Степанида застыла, заржавела, заклякла. Мозг отказывался воспринимать информацию. Она зажмурилась, стараясь отстраниться от происходящего.
— Но ты не бойся, — продолжал глумиться Николай, — сегодня-завтра те вытрашки сдохнут. И от страсти горячей ничего не останется.
— А Митя… ты сказал двойной удар?
— А-ха. Манара под видом приворотного зелья, дала водянице зрелого вытрашку. Вот твой водяник и сдурел. Прямо чудо, как не затрахался вусмерть?!

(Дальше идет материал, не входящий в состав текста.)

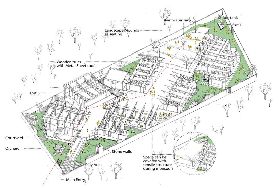 The gradual unfolding of spaces due to shifting of the Axis. The spaces have an ample amount of natural light and ventilation. The materials obtained from the local area reduce the carbon footprint of the overall built-up. Anthropometrics are kept based on children’s activities.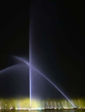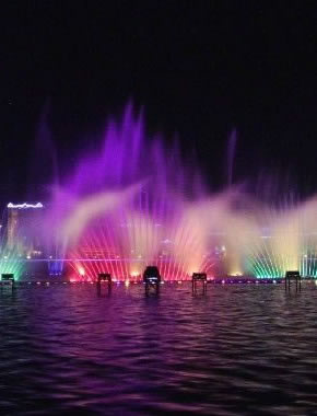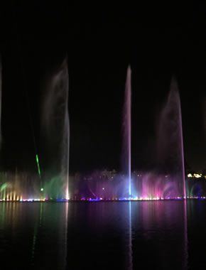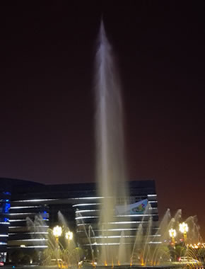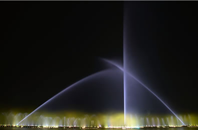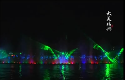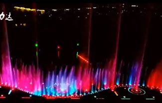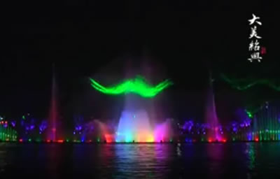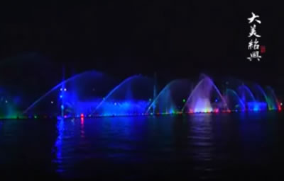 汝州市广成河水生态公园内喷泉总投资1000多万,目前安装调试正式运行,现场播放三段不同的音乐
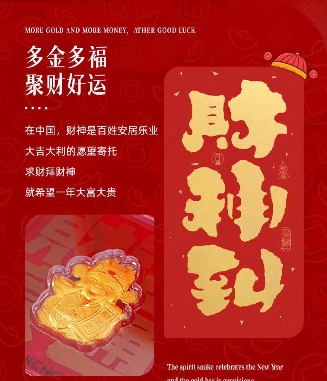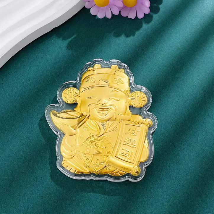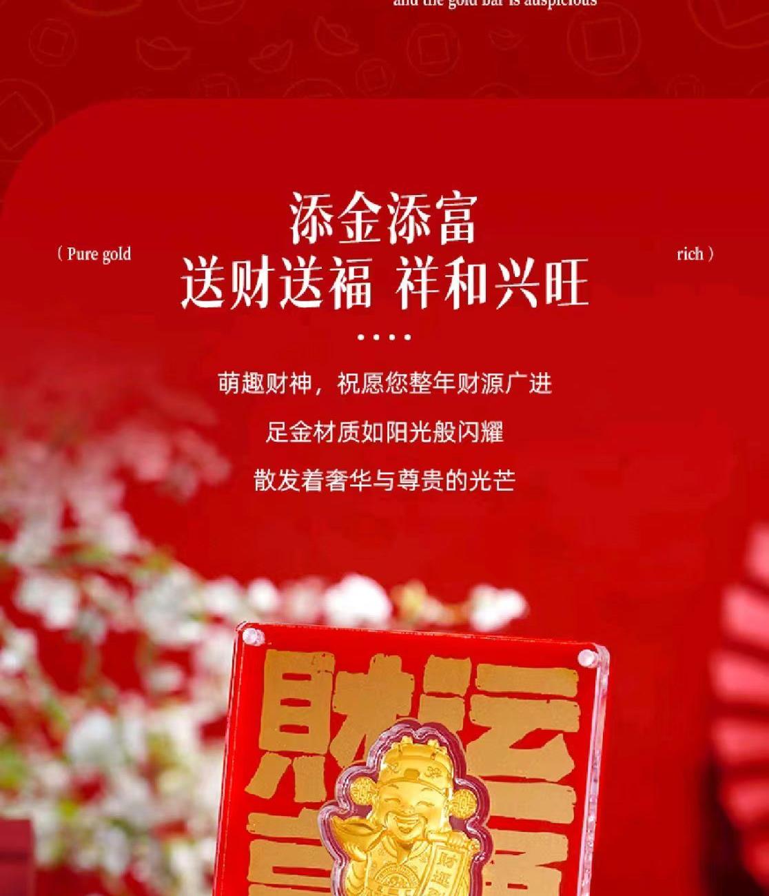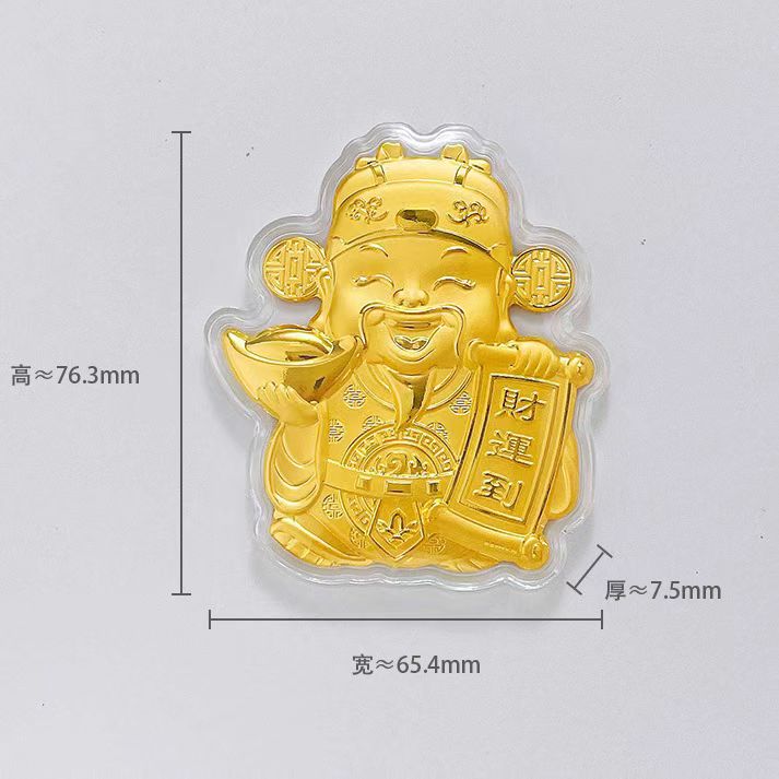 产品配置: 克重:999足金 0.5g ①财神摆件×1个 ②检测证书×1份 ③精致礼盒×1个 材质:黄金 添金添富 送财送褔 祥和兴旺 萌趣财神,祝愿您整年财源广进 足金材质如阳光般闪耀散发着奢华与尊贵的光芒 融合了现代的审美和需求,黄金般的富贵。 足金材质加上油压工艺 黄金色泽亮丽,层次感满满 用来送礼亦是一份非常有意义的礼物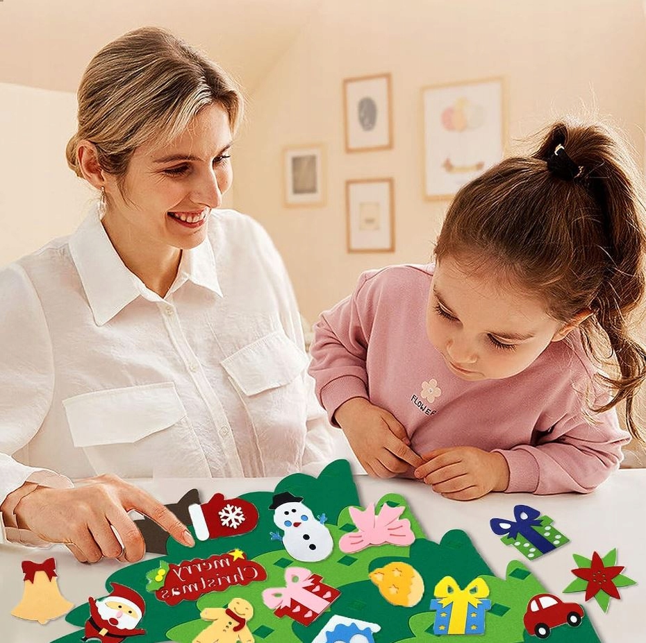 ▶ Ялинка з фетру дозволяє дітям створювати власні новорічні композиції. Різнокольорові прикраси різних форм — від подарунків до зірок і сніговиків — можна вільно прикріплювати та змінювати, розвиваючи уяву та ручні навички.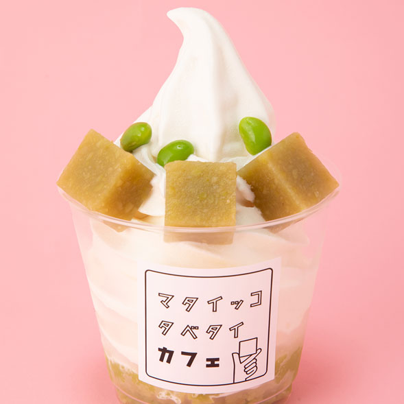 ずんだあんに、ソフトクリーム、ずんだきんつば、枝豆を載せたソフト。見た目もかわいい!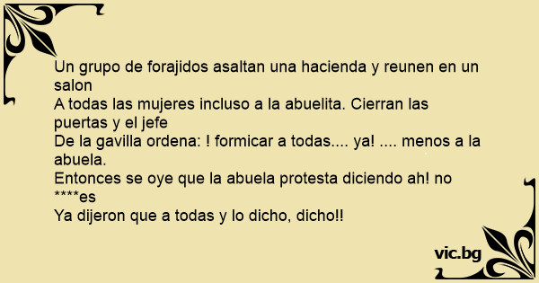 De la gavilla ordena: ! formicar a todas.... ya! .... menos a la abuela.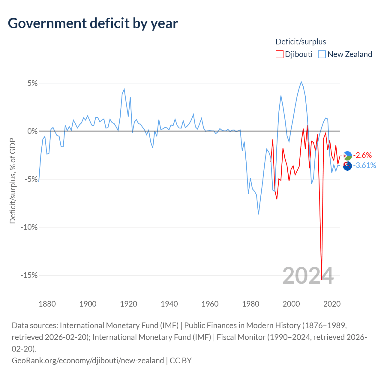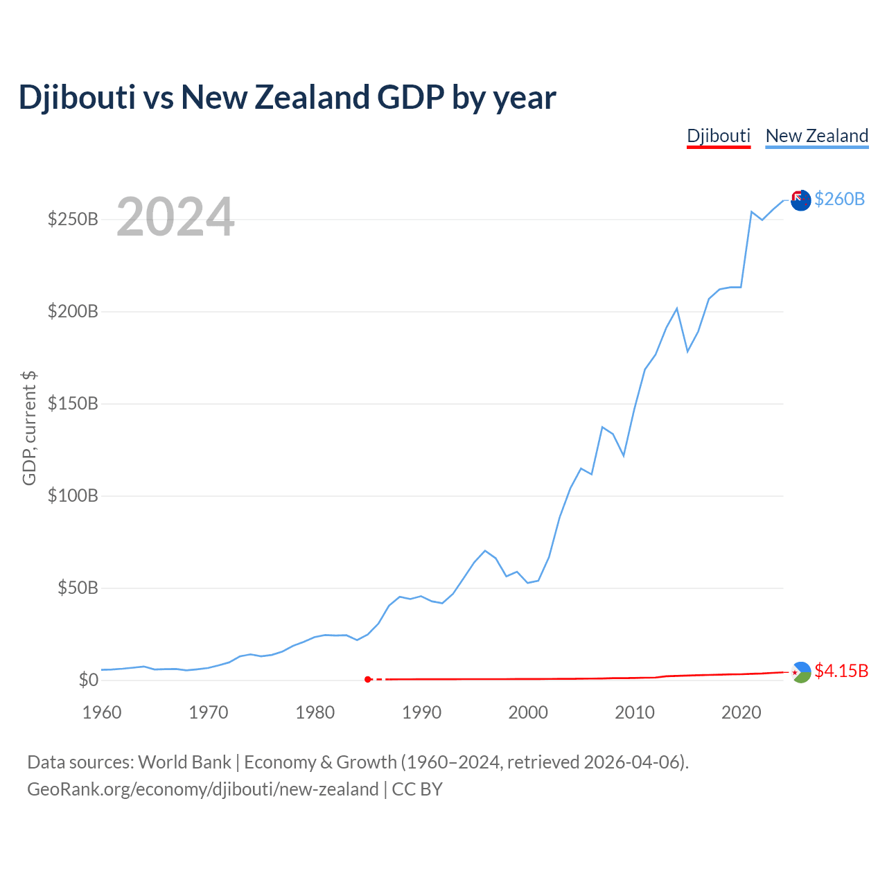 Djibouti has a GDP of $4.15B compared to $260B for New Zealand, ranking 165/197 and 52/197 by economy size, respectively.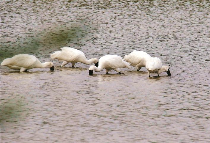 2号鱼塘里的黑脸琵鹭群。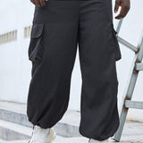 Manfinity homme pantalones anchos para hombre con cintura con cordon y bolsillo con solapa de talla grande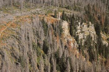 Fotografie Milana Váchala a Zdeňka Troupa dokumentují změnu krajinného rázu Šumavy se všemi jejími důsledky. Krásná a zelená Šumava se vlivem kůrovce mění v uschlé porosty a vykácené holiny. Lesní ekosystémy v Národním parku Šumava jsou devastovány a zcela ponechány napospas kůrovci. Výsledkem jsou stále se rozšiřující tisíce hektarů suchých lesů včetně zbytků původních pralesů, likvidace genofondu původního šumavského smrku a následně zbytečně vznikající stovky hektarů holin. Nyní je kůrovcem bezprostředně ohrožen i prales v lokalitě významné pro český národ – u Pramenů Vltavy, kde rostou až čtyři sta let staré stromy. Dílo zkázy samozřejmě rozšířil orkán Kyrill v roce 2007, ale akcelerovala ho špatná rozhodnutí o ponechání napadeného dřeva kůrovcem bez asanace. Spory se vedou a kůrovec se šíří. Vážnost situace v šumavských lesích přiměla v červnu 2009 hejtmany Jihočeského a Plzeňského kraje k ustavení pracovní skupiny odborníků, která by posoudila stav kůrovcového nebezpečí a navrhla příslušná opatření ke zmenšení škod na lesních ekosystémech. Návštěvníci se budou moci také připojit k petici Zachraňme Šumavu, která apeluje na českou vládu a parlament ve věci ochrany přírodních hodnot lesů v Národním parku Šumava.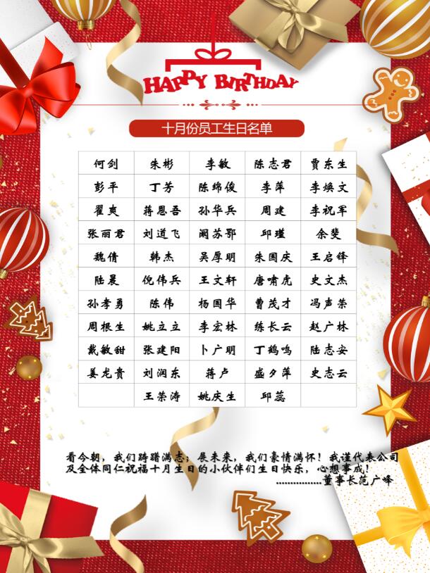 【生日祝?!抗ё?0月生日的員工生日快樂!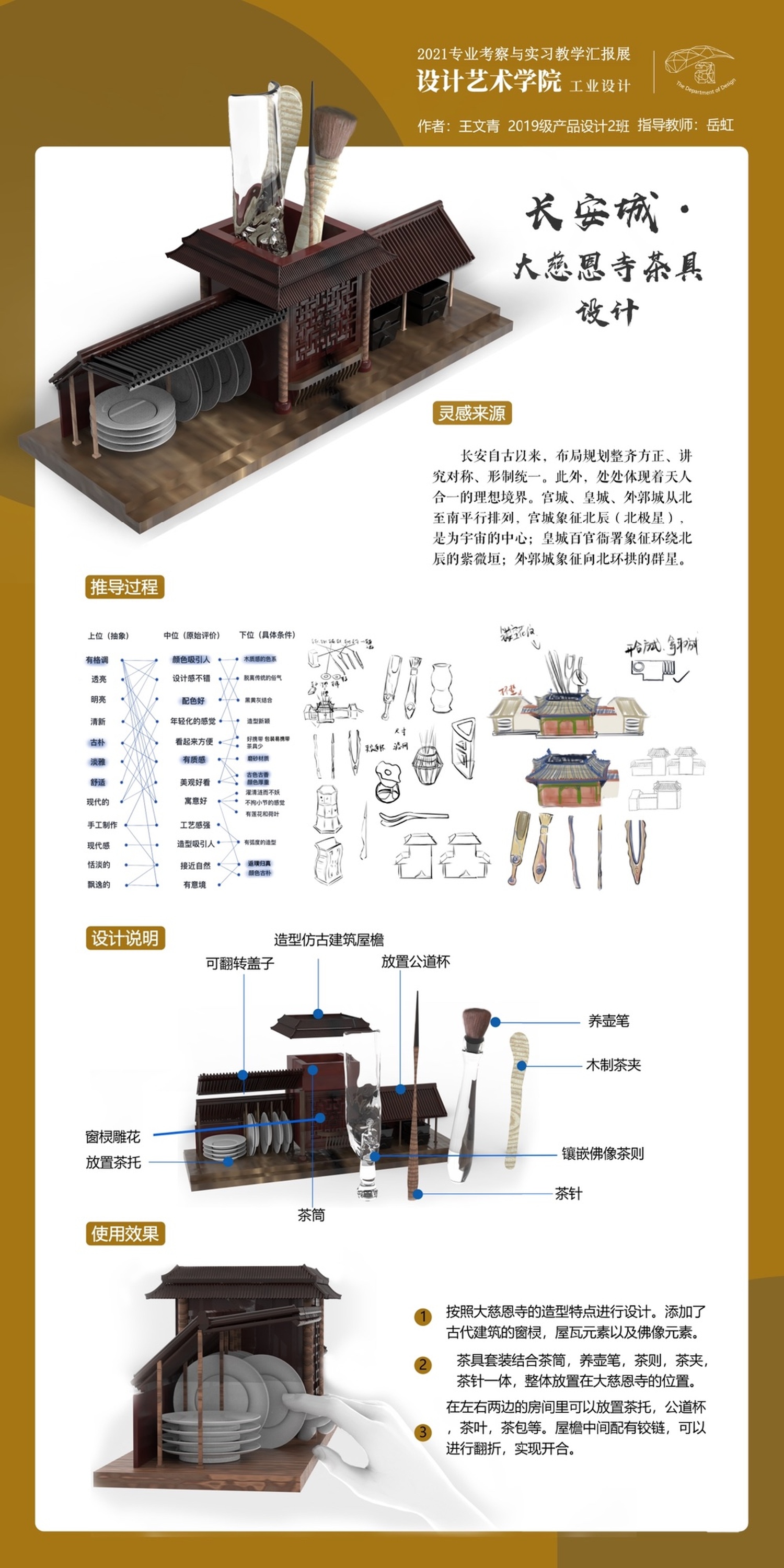 根据长安城的整齐方正形制统一的布局,体现天人合一的境界。根据大慈恩寺的造型特点进行重构,添加了古代建筑的窗棂元素以及佛像元素。茶具套装结合茶筒,养壶笔,茶则,茶夹,茶针一体,整体在茶盘中放置在大慈恩寺的位置。左右两边的房间可以放置茶托,公道杯,茶叶茶包等。屋檐中间配有铰链,可以进行翻折,实现开合的功能。

Вот тут Степка поняла, что не в силах более слушать его мерзкий голос и… резко согнула колено, попав аккурат, куда целилась. А в довесок, сомкнула зубы на его шее и сжала изо всех сил.
Глава 51
«Чем труднее бой — тем слаще победа»
Не известно чем завершилась бы сия наглость со стороны Степаниды, ведь вырвав шею из ее зубов, согнувшийся в пополам огневик, зарычал. Он уже и голову задрал, угрожающе сверкнув очами, как…
— Отвали от нее! — выросшие на его пути Митя с Петром стали стеной, загораживая собой Слагалицу. Николай медленно выпрямился, вытер кровь с шеи и зашипел что-то неразборчивое.
— Чтоб ты сдох! — крикнула Степка, — ничего у тебя не получится, понял? Я это знаю! Я чувствую! А Слагалицы не ошибаются! — она, крича и задыхаясь, рвалась на огненных путах, желая вцепиться в него и продолжить начатое, — не важно откуда у меня силы взялись, но они есть! И сегодня ты проиграешь! Твои планы рухнут! Вот увидишь!
— Захлопнись! Я ж тебя, дуру, покалечу! — рявкнул огневик.
— Ничего ты мне не сделаешь!
— Рот зашью, луда!
— Огневик, тормози!
А потом, совершенно неожиданно, всеобщее внимание обратил на себя лесник, подпрыгнувший на месте.
— А-а-а! Да чтоб тебя… — удивленно-испуганно воскликнул он и быстро-быстро задергал ногой. Все, как один, воззрились на его остроносый ботинок, на котором сидело нечто, издали схожее на полугодовалого малыша… если бы не старческое, морщинистое личико и большущие, без зрачков, глаза. Существо пыталось влезть по штанине Гора, цепляясь руками и ногами, как обезьянка.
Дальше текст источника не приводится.